Exercise prompt. Find "口福挑戰(zhàn)第一關(guān),節(jié)目組" below and begin at its line; stop after the line with "В Грузии многие". Output those lines exactly, without pictures.

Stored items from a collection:
BEGIN

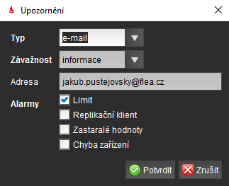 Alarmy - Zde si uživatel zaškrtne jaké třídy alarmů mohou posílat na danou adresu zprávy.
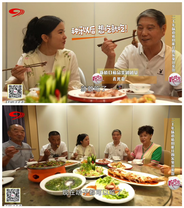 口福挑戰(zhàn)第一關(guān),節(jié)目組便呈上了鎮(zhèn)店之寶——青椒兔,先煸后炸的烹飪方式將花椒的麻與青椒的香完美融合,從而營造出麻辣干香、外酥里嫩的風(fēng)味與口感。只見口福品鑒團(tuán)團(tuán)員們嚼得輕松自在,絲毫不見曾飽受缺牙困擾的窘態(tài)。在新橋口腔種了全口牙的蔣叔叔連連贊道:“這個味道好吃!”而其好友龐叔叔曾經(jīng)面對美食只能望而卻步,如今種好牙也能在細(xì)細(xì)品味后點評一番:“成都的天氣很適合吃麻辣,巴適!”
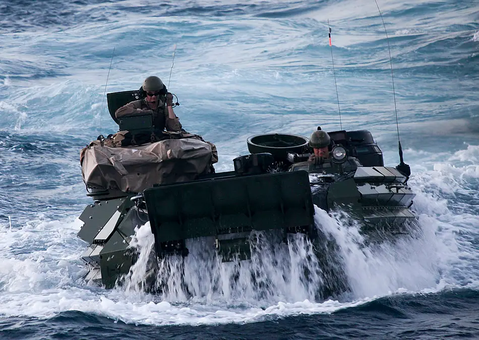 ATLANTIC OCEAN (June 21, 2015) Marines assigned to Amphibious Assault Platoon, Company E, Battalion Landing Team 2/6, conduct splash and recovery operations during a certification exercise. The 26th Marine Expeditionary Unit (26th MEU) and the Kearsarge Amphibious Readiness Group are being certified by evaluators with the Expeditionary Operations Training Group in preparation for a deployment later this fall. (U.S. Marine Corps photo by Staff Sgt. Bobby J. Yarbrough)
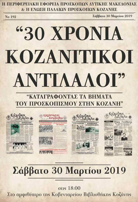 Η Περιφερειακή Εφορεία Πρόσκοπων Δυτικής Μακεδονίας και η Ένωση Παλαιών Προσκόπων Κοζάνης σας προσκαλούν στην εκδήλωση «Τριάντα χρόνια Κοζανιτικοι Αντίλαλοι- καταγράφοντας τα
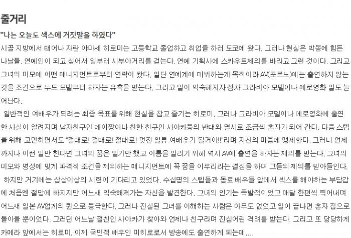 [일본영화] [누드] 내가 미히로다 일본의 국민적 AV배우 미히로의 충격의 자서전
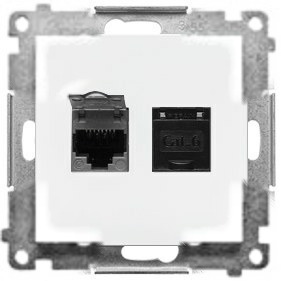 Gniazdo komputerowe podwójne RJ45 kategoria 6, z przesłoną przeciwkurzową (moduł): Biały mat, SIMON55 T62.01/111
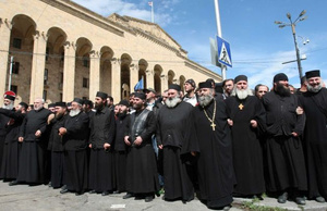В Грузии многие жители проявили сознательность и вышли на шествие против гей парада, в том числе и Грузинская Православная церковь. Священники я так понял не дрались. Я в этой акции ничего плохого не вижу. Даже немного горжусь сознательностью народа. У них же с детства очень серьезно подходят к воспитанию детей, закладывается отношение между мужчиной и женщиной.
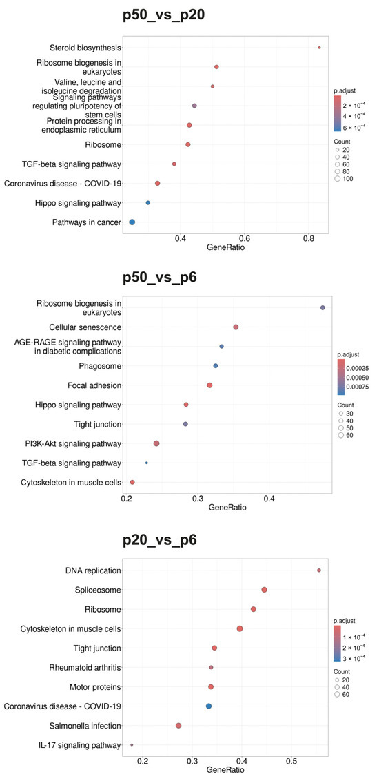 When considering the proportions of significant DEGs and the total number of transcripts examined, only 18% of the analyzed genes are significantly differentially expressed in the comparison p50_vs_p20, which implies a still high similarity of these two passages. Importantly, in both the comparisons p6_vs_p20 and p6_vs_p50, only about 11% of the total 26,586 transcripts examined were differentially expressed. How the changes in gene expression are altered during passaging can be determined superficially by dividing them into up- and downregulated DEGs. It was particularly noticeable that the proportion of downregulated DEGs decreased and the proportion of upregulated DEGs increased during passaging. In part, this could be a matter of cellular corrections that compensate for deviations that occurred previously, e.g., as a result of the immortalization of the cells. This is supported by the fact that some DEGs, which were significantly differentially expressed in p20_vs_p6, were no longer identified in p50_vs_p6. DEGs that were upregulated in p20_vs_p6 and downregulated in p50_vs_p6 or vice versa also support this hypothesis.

END

Solution to this problem.
 口福挑戰(zhàn)第一關(guān),節(jié)目組便呈上了鎮(zhèn)店之寶——青椒兔,先煸后炸的烹飪方式將花椒的麻與青椒的香完美融合,從而營造出麻辣干香、外酥里嫩的風(fēng)味與口感。只見口福品鑒團(tuán)團(tuán)員們嚼得輕松自在,絲毫不見曾飽受缺牙困擾的窘態(tài)。在新橋口腔種了全口牙的蔣叔叔連連贊道:“這個味道好吃!”而其好友龐叔叔曾經(jīng)面對美食只能望而卻步,如今種好牙也能在細(xì)細(xì)品味后點評一番:“成都的天氣很適合吃麻辣,巴適!”
 ATLANTIC OCEAN (June 21, 2015) Marines assigned to Amphibious Assault Platoon, Company E, Battalion Landing Team 2/6, conduct splash and recovery operations during a certification exercise. The 26th Marine Expeditionary Unit (26th MEU) and the Kearsarge Amphibious Readiness Group are being certified by evaluators with the Expeditionary Operations Training Group in preparation for a deployment later this fall. (U.S. Marine Corps photo by Staff Sgt. Bobby J. Yarbrough)
 Η Περιφερειακή Εφορεία Πρόσκοπων Δυτικής Μακεδονίας και η Ένωση Παλαιών Προσκόπων Κοζάνης σας προσκαλούν στην εκδήλωση «Τριάντα χρόνια Κοζανιτικοι Αντίλαλοι- καταγράφοντας τα
 [일본영화] [누드] 내가 미히로다 일본의 국민적 AV배우 미히로의 충격의 자서전
 Gniazdo komputerowe podwójne RJ45 kategoria 6, z przesłoną przeciwkurzową (moduł): Biały mat, SIMON55 T62.01/111
В Грузии многие жители проявили сознательность и вышли на шествие против гей парада, в том числе и Грузинская Православная церковь. Священники я так понял не дрались. Я в этой акции ничего плохого не вижу. Даже немного горжусь сознательностью народа. У них же с детства очень серьезно подходят к воспитанию детей, закладывается отношение между мужчиной и женщиной.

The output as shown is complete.